[WHAT YOU ARE ASKED TO DO] Reproduce the lines of the material exactly, excluding every image.
══ DATA BELOW ══
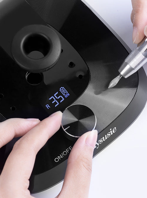 2. In order to meet the requirements of professional manicurists, this product is designed to have an adjustable rotation speed of 0-35000 rpm. Please slowly adjust it from low speed to a higher speed that you like when you are using it. Do not adjust it to the highest speed all at once to prevent the improper operation from hurting your nails.
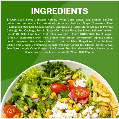 SALAD: Corn, Savoy Cabbage, Hominy (White Corn, Water. Salt. Sodium Bisulfite [added to promote color retention]), Arcadian Lettuce, Grape Tomatoes, Feta (Pasteurized Milk, Salt, Cheese Culture, Enzymes and Potato Starch [Added to Prevent Caking]), Red Cabbage, Tortilla Strips (Corn Masa Flour, Sunflower, Safflower, and/or Canola Oil, Salt). Lime Juice, Red Onion, Jalapeño, Cilantro DRESSING: Greek Yogurt (Grade A pasteurized skim milk, cream, milk protein concentrate, tapioca starch. pectin, enzymes, live active cultures: S. thermophilus, Bulgaricus, L. acidophilus. Bifidus and L. casei). Vegenaise (Expeller-Pressed Canola Oil, Filtered Water. Brown Rice Syrup. Apple Cider Vinegar, Soy Protein, Sea Salt, Mustard Flour, Lemon Juice Concentrate), Lime Juice, Canola Oil, Water, Salt. Paprika
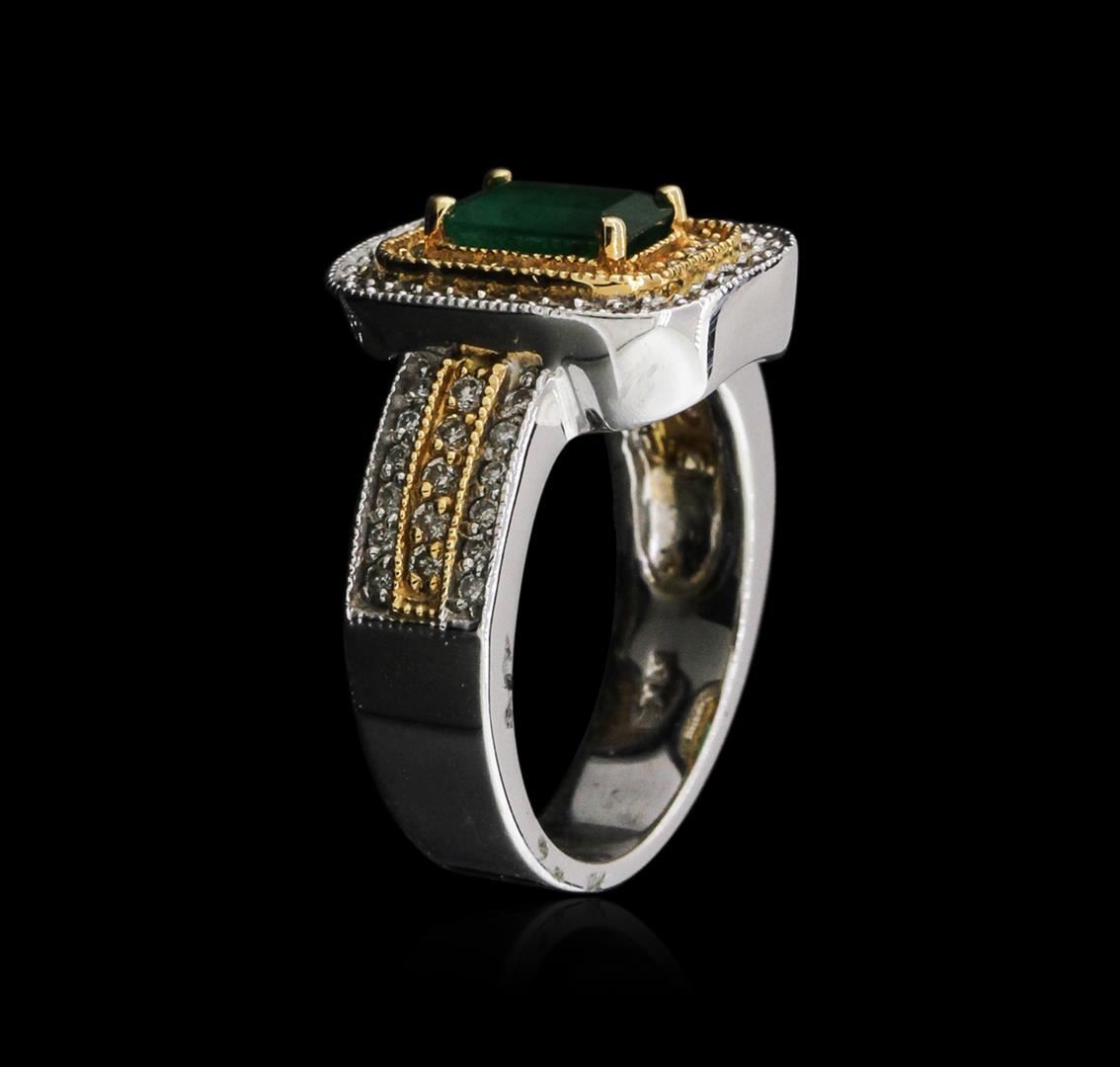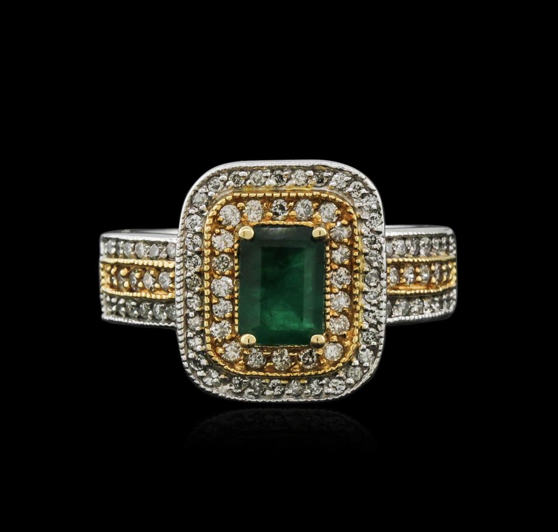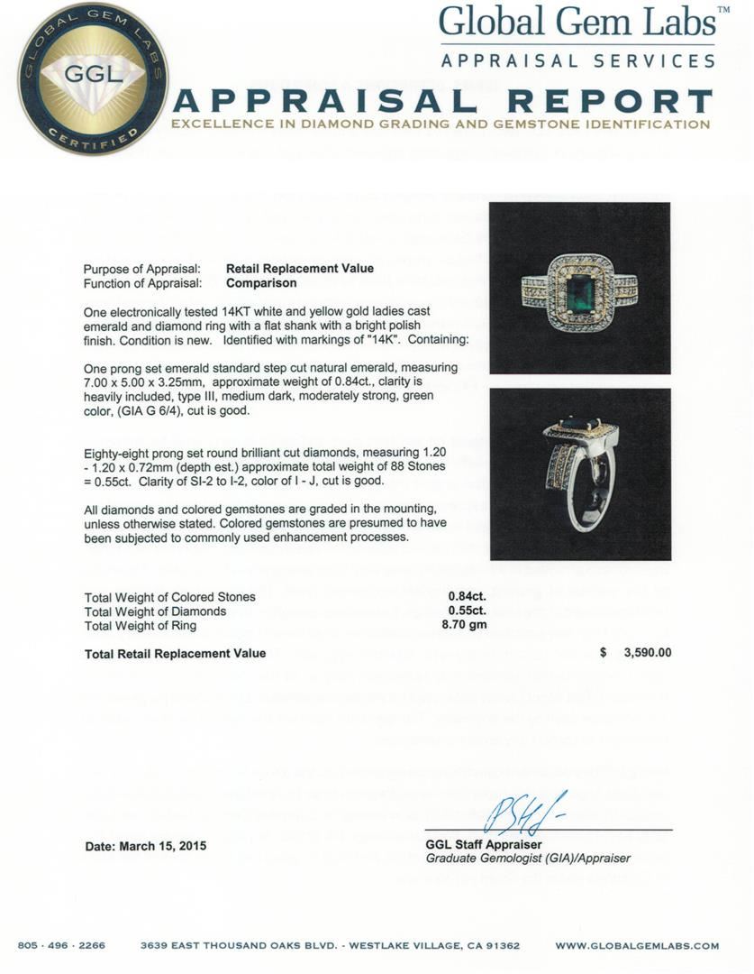 One electronically tested 14KT white and yellow gold ladies cast emerald and diamond ring with a flat shank with a bright polish finish. Identified with markings of "14K". Condition is new. Containing: One prong set emerald standard step cut natural emerald, measuring 7.00 x 5.00 x 3.25mm, approximate weight of 0.84ct., clarity is heavily included, type III, medium dark, moderately strong, green color, (GIA G 6/4), cut is good. Eighty-Eight prong set round brilliant cut diamonds, measuring 1.20 - 1.20 x 0.72mm (depth est.) approximate total weight of 88 Stones = 0.55ct. Clarity of SI-2 to I-2, Color of I - J, Cut is Good. All diamonds and colored gemstones are graded in the mounting, unless otherwise stated. Colored gemstones are presumed to have been subjected to commonly used enhancement processes. Total Weight of Colored Stones 0.84ct. Total Weight of Diamonds 0.55ct. Total Weight of Ring 8.70 grams. GGL Appraised at $3,590.00.
═══
[TASK RESPONSE]
 2. In order to meet the requirements of professional manicurists, this product is designed to have an adjustable rotation speed of 0-35000 rpm. Please slowly adjust it from low speed to a higher speed that you like when you are using it. Do not adjust it to the highest speed all at once to prevent the improper operation from hurting your nails.
 SALAD: Corn, Savoy Cabbage, Hominy (White Corn, Water. Salt. Sodium Bisulfite [added to promote color retention]), Arcadian Lettuce, Grape Tomatoes, Feta (Pasteurized Milk, Salt, Cheese Culture, Enzymes and Potato Starch [Added to Prevent Caking]), Red Cabbage, Tortilla Strips (Corn Masa Flour, Sunflower, Safflower, and/or Canola Oil, Salt). Lime Juice, Red Onion, Jalapeño, Cilantro DRESSING: Greek Yogurt (Grade A pasteurized skim milk, cream, milk protein concentrate, tapioca starch. pectin, enzymes, live active cultures: S. thermophilus, Bulgaricus, L. acidophilus. Bifidus and L. casei). Vegenaise (Expeller-Pressed Canola Oil, Filtered Water. Brown Rice Syrup. Apple Cider Vinegar, Soy Protein, Sea Salt, Mustard Flour, Lemon Juice Concentrate), Lime Juice, Canola Oil, Water, Salt. Paprika
 One electronically tested 14KT white and yellow gold ladies cast emerald and diamond ring with a flat shank with a bright polish finish. Identified with markings of "14K". Condition is new. Containing: One prong set emerald standard step cut natural emerald, measuring 7.00 x 5.00 x 3.25mm, approximate weight of 0.84ct., clarity is heavily included, type III, medium dark, moderately strong, green color, (GIA G 6/4), cut is good. Eighty-Eight prong set round brilliant cut diamonds, measuring 1.20 - 1.20 x 0.72mm (depth est.) approximate total weight of 88 Stones = 0.55ct. Clarity of SI-2 to I-2, Color of I - J, Cut is Good. All diamonds and colored gemstones are graded in the mounting, unless otherwise stated. Colored gemstones are presumed to have been subjected to commonly used enhancement processes. Total Weight of Colored Stones 0.84ct. Total Weight of Diamonds 0.55ct. Total Weight of Ring 8.70 grams. GGL Appraised at $3,590.00.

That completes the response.